== Source information ==

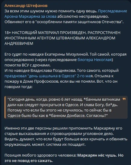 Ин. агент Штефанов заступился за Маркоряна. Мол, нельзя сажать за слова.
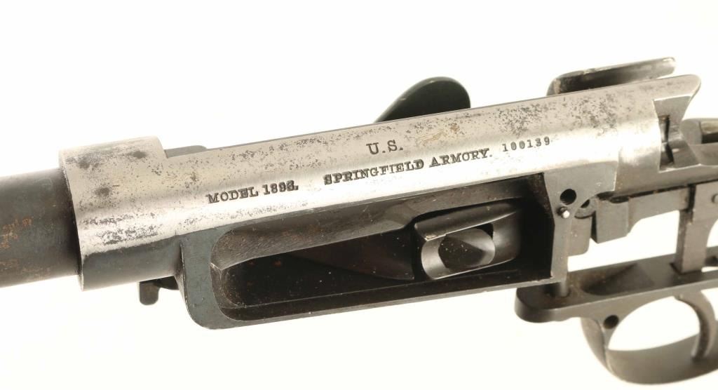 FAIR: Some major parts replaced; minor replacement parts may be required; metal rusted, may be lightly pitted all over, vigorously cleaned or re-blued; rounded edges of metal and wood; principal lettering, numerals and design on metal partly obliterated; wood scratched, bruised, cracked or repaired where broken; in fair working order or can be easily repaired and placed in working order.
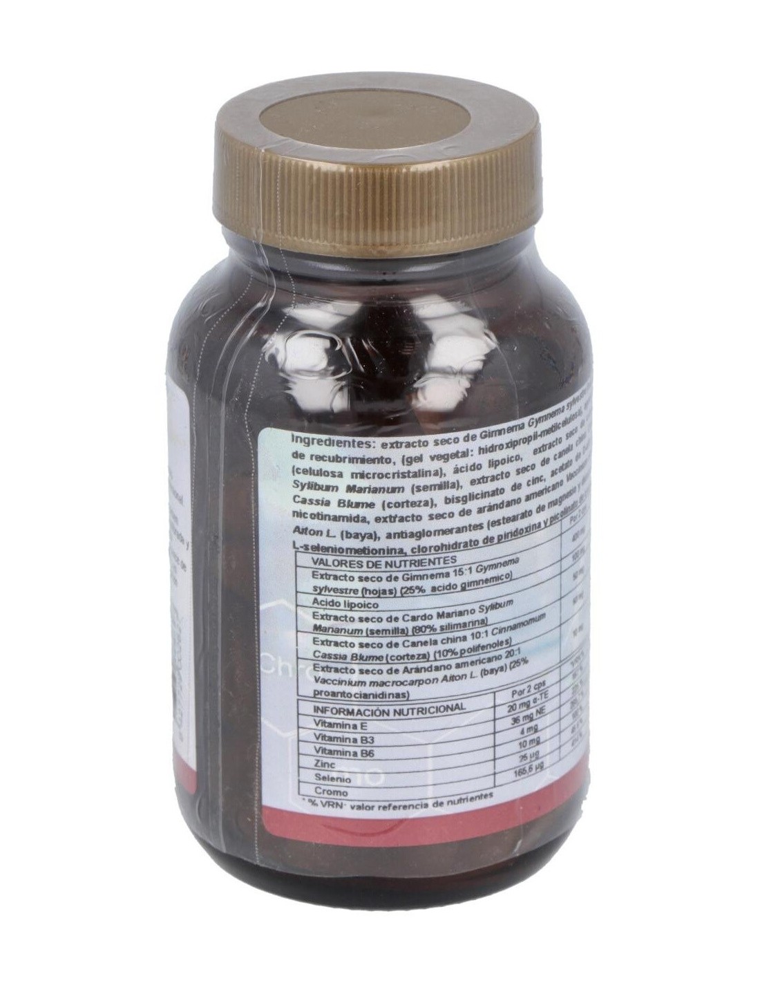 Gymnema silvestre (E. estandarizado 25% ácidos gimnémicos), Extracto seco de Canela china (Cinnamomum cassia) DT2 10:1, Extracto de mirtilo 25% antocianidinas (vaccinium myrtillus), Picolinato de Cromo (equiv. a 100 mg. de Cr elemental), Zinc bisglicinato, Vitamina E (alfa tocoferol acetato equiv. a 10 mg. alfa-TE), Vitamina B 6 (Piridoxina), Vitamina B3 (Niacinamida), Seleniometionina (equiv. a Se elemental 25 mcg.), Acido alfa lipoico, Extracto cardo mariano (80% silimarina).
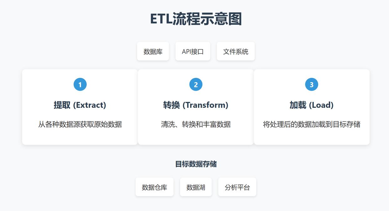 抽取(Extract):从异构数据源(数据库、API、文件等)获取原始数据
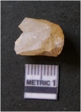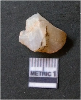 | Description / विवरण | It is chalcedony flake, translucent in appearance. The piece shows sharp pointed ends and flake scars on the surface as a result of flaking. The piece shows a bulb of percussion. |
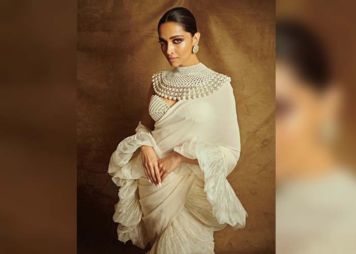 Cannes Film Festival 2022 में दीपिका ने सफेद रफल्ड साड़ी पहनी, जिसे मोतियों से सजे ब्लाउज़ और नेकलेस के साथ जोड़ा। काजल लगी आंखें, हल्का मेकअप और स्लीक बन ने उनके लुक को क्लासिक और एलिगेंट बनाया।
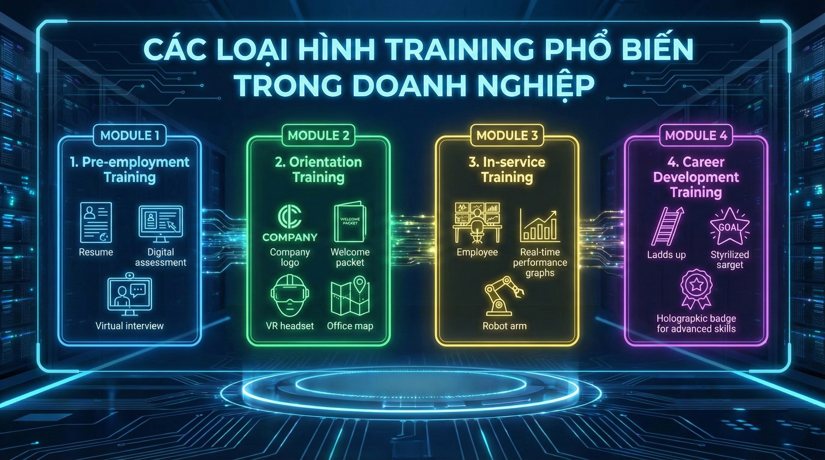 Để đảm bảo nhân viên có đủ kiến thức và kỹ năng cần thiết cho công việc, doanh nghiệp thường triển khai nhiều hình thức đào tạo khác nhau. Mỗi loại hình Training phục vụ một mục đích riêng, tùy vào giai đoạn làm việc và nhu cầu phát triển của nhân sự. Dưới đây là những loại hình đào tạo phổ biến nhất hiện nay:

===

What you have to do —
Write out every line above exactly, minus images.

Written answer —
 Ин. агент Штефанов заступился за Маркоряна. Мол, нельзя сажать за слова.
 FAIR: Some major parts replaced; minor replacement parts may be required; metal rusted, may be lightly pitted all over, vigorously cleaned or re-blued; rounded edges of metal and wood; principal lettering, numerals and design on metal partly obliterated; wood scratched, bruised, cracked or repaired where broken; in fair working order or can be easily repaired and placed in working order.
 Gymnema silvestre (E. estandarizado 25% ácidos gimnémicos), Extracto seco de Canela china (Cinnamomum cassia) DT2 10:1, Extracto de mirtilo 25% antocianidinas (vaccinium myrtillus), Picolinato de Cromo (equiv. a 100 mg. de Cr elemental), Zinc bisglicinato, Vitamina E (alfa tocoferol acetato equiv. a 10 mg. alfa-TE), Vitamina B 6 (Piridoxina), Vitamina B3 (Niacinamida), Seleniometionina (equiv. a Se elemental 25 mcg.), Acido alfa lipoico, Extracto cardo mariano (80% silimarina).
 抽取(Extract):从异构数据源(数据库、API、文件等)获取原始数据
 | Description / विवरण | It is chalcedony flake, translucent in appearance. The piece shows sharp pointed ends and flake scars on the surface as a result of flaking. The piece shows a bulb of percussion. |
 Cannes Film Festival 2022 में दीपिका ने सफेद रफल्ड साड़ी पहनी, जिसे मोतियों से सजे ब्लाउज़ और नेकलेस के साथ जोड़ा। काजल लगी आंखें, हल्का मेकअप और स्लीक बन ने उनके लुक को क्लासिक और एलिगेंट बनाया।
 Để đảm bảo nhân viên có đủ kiến thức và kỹ năng cần thiết cho công việc, doanh nghiệp thường triển khai nhiều hình thức đào tạo khác nhau. Mỗi loại hình Training phục vụ một mục đích riêng, tùy vào giai đoạn làm việc và nhu cầu phát triển của nhân sự. Dưới đây là những loại hình đào tạo phổ biến nhất hiện nay:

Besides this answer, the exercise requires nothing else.